There are people who are really good at thinking fast and reacting quickly, and those people may pursue careers that use those skills. Other people will choose careers that fit the skills that they have. Maybe some people will choose wrong initially and have to pivot. That’s how life goes.


+1 People with ADHD, for example, can do well when they focus on their strengths. For my DH that was software engineering. He can can apply his hyperfocus tendency to that all day long. However, he has no aptitude for management so that did limit his advancement.

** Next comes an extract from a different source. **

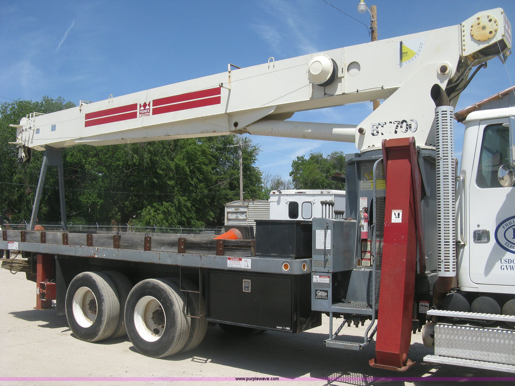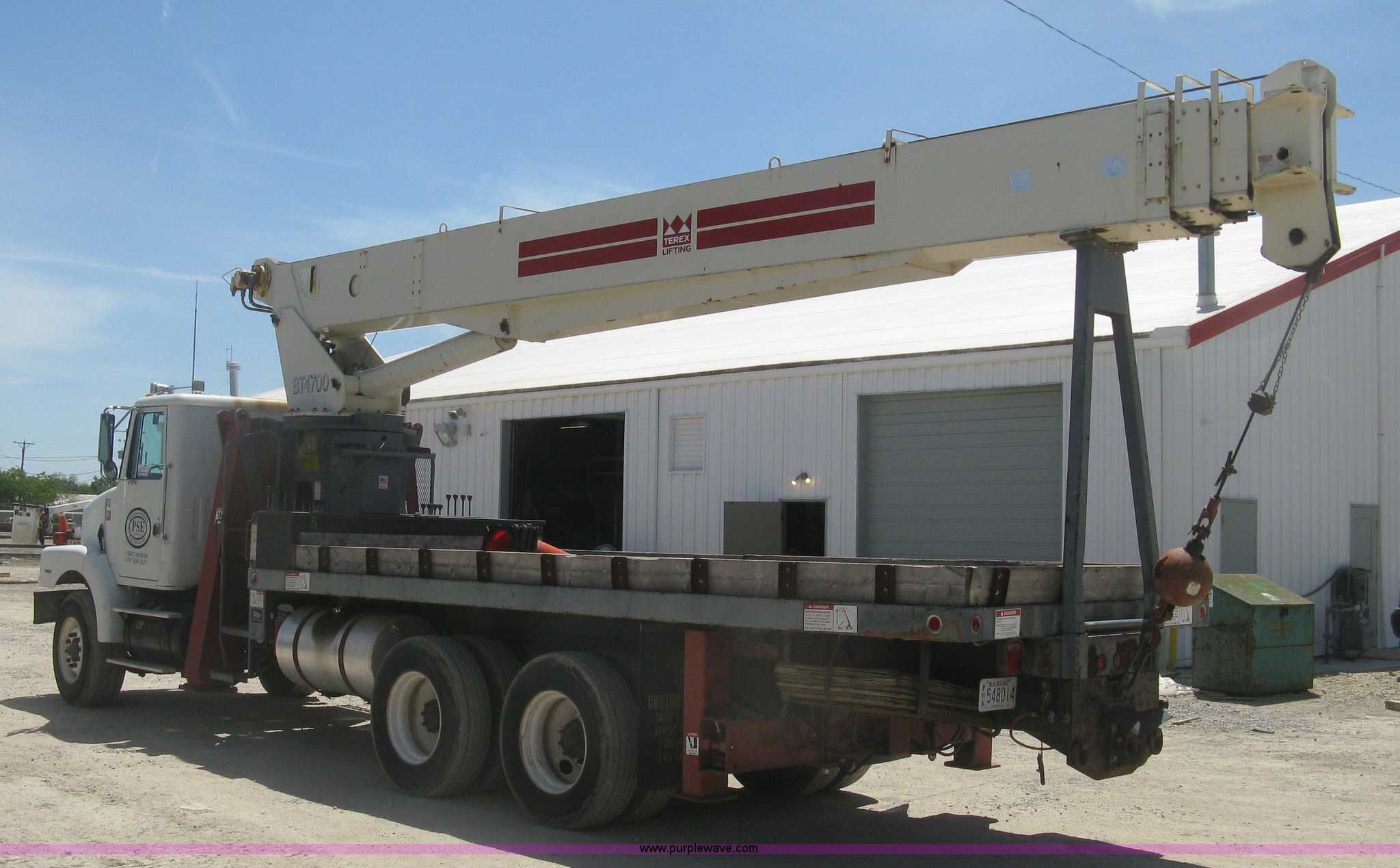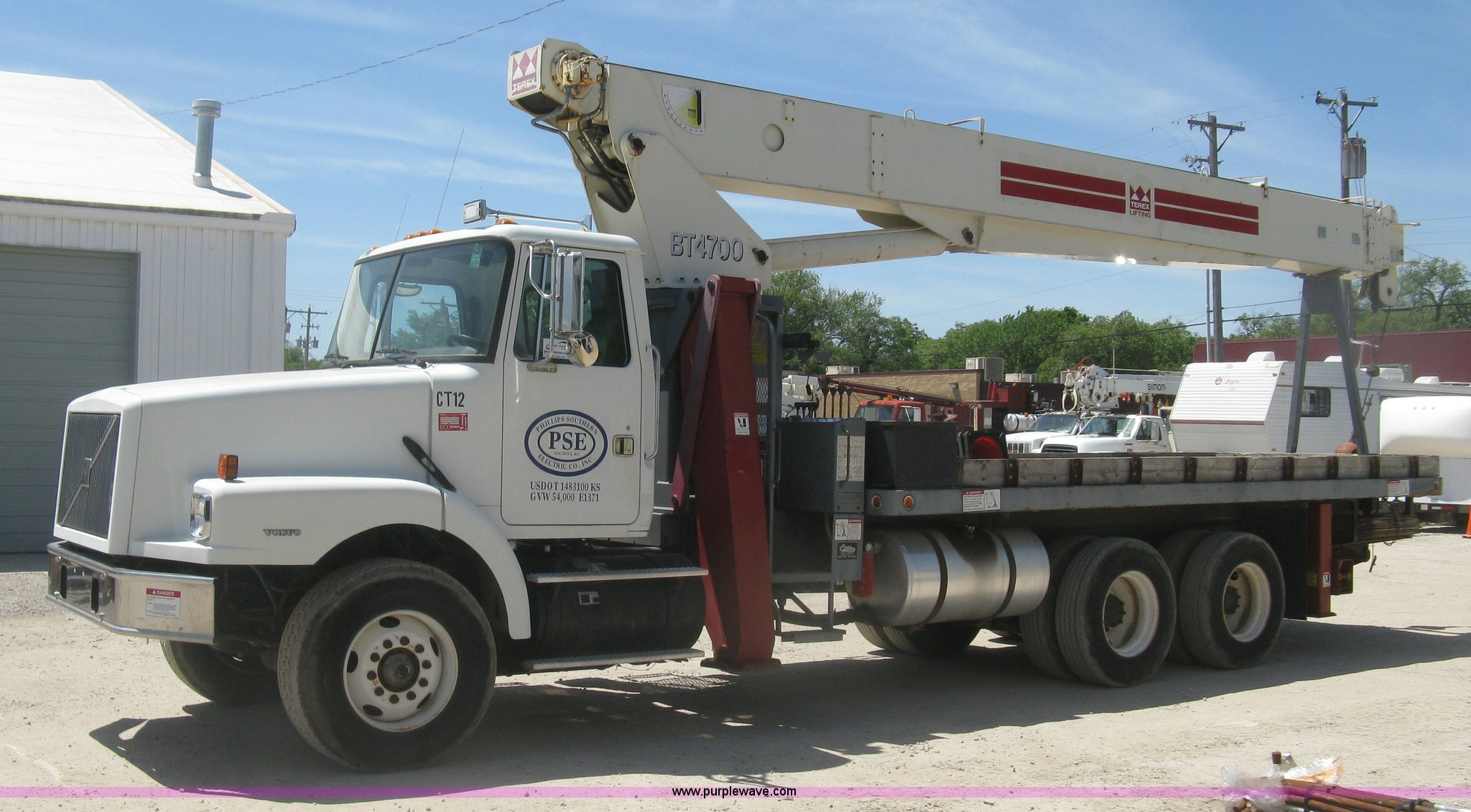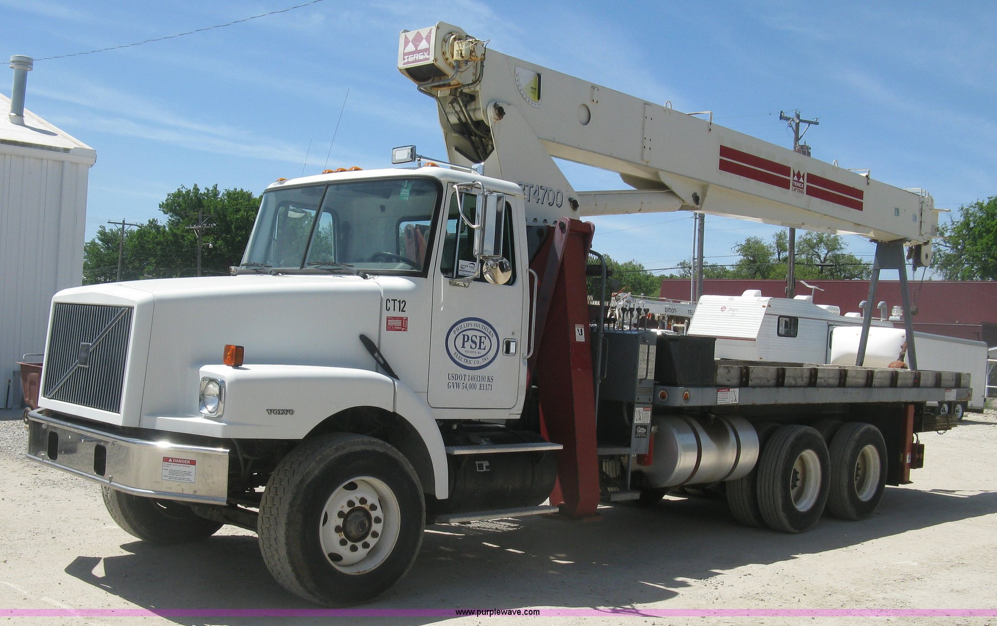Purple Wave is selling a used Crane Truck in Kansas. This item is a 2001 Volvo WG crane truck with the following: 27,234 miles on odometer, Cummins ISM 10.8L L6 turbo diesel engine, 305 HP, Eaton Fuller RT14609A nine speed manual transmission, Tandem axle, Locking differential, AC and heat, AM/FM, Cruise, Air suspension seat, Block heater, Trailer brake controller, PTO, 21'L flatbed, Pintle hitch, Trailer wiring, Gladhand couplers, Terex BT4700 crane, Serial 49008001155, 92' maximum lift height, 47,000 lbs maximum lift capacity, Boom rotation, Single and two block crane ball and hook, Telescopic boom, (4) outriggers, Certification valid through April 2017, Greer Co. MG586 monitor, Single fuel tank, Single exhaust stack, 3:730 gear ratio, 238" wheelbase, Spring suspension, Air brakes, 385/65R22.5 front tires, 11R22.5 rear tires, GVWR 58,740 lbs, FMCSA annual inspection April 2016, Boom rating/safety computer replaced 2015, Cable replaced 2015, View inspection reports, Contents are not included

But also, I'd assume most of the "elite college" students who are "disabled" are not actually challenged by any learning disability but just got someone to sign off on it so they could get extra SAT time. My kids both have ADHD and found school difficult because of it. Even with accommodations, EF coaching, and medication, school pushed them to the limits of their EF capabilities. And plenty of kids have more challenging ADHD than they do. One has graduated and is doing great in a FT job that plays to his strengths. The other has done well in summer jobs in the field that is her passion. Neither of them do jobs that replicate the juggle of school where you have 5-7 different bosses, all with different expectations, schedules, deliverables, etc.
Anonymous
You are all people who simply do not understand what ADHD is. Get over it. Quit complaining about other people's needs and get on with your own lives.
Anonymous
Anonymous wrote:What concerns me more are the ones who really needed them but are never told they really are not suited to be pilots or air traffic controllers or other things where fast processing is necessary for safety of others.


Are there not many tests that need to be passed before entering these specific professions? I know of a young man that spent months trying to become and ATC and it didn’t work out for whatever reason, so he got a job teaching at a private school.